Arthur Cram

Personal information
- Date of birth: 1894
- Place of birth: Scotland
- Date of death: 1958 (aged 63–64)

= Arthur Cram =

Scottish football administrator (1894–1958)

Arthur S Cram (1894–1958) was a Scottish football administrator.

==Career==
Arthur Cram was a partner in the accounting firm James Cram & Sons in Dundee had an accounting business in Dundee He was the Dundee United club secretary from 1938 to 1945. He also served as a councillor in Newport-on-Tay during the same period.

During World War Two he was too old to join the active forces (he had been injured in World War One), so he became the club secretary, a position that he held until 1945. He attempted to resign as secretary in June 1940 but was convinced to withdraw his resignation. He was not, as is sometimes erroneously reported, manager of the club during the war.

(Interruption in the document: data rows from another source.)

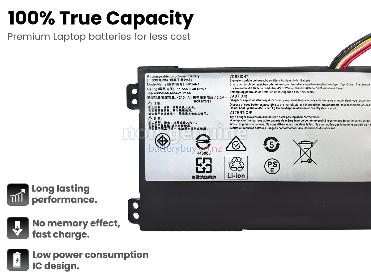 - 2Standard system battery specifications, The Getac NP14N1 laptop battery replacement is 100% compatible with your laptop.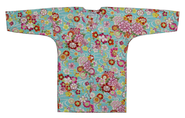 鯉口シャツ【流水花/水色系】 M・L寸 大人用 男性女性兼用 青系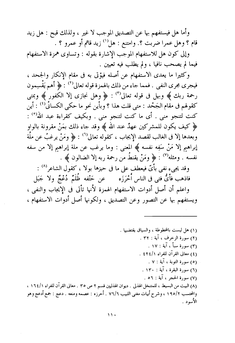 وكثيرا ما يعدى الاستفهام عن أصله فيؤتى به في مقام الإنكار والجحد، فيجرى مجرى النفي. فمما جاء من ذلك بالهمزة قوله تعالى: (أهم يَقْسِمون رحمة ربك) وبهل في قوله تعالى: (وهل نجازي إلا الكفور) وبمتى كقولهم في مقام الجَحْد: متى قلت هذا؟ وبأين نحو ما حكى الكسائي: أين كنت لتنجو مني. أي ما كنت لتنجو مني. وبكيف كقراءة عبد الله. (كيف يكون للمشركين عهدٌ عند الله) وقد جاء ذلك بمَنْ مقرونة بالواو وبعدها إلا في الغالب لقصد الإيجاب، كقوله تعالى: (ومَن يرغبُ عن ملَّة إبراهيم إلا مَنْ سَفِه نفسه) المعنى: وما يرغب عن ملة إبراهيم إلا من سفه نفسه. ومثله: (ومَن يقنطُ من رحمة ربه إلا الضالون).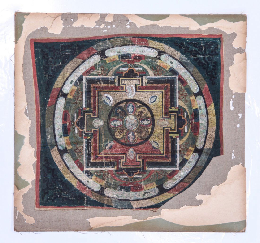Tibetan Buddhist Mandala Thangka Painting on Silk - Hand-Painted Double Mandala with Deities, FramedBridge's Auction$20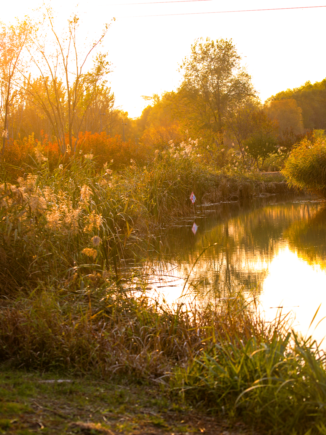 傍晚时分,落日余晖洒在芦苇和河面上波光粼粼,美不胜收,沿着运河步道漫行,仿佛踏入《诗经》里的古老意境中,微风拂过,成片的芦苇随风摇曳,是通州大运河河畔不得不看的风行芦苇景观。

His administrative abilities were particularly useful in identifying and securing the release of pre-war professional players who were stationed with the armed forces within travelling distance of Dundee. At a time when several clubs - including Dundee FC - closed down rather than put in the effort that Cram did on United's behalf, the club and its supporters owed him a considerable debt for keeping the flag flying at Tannadice Park from 1941 to 1945. At the end of the conflict he relinquished his position and was invited to join the board, where he remained until 1951.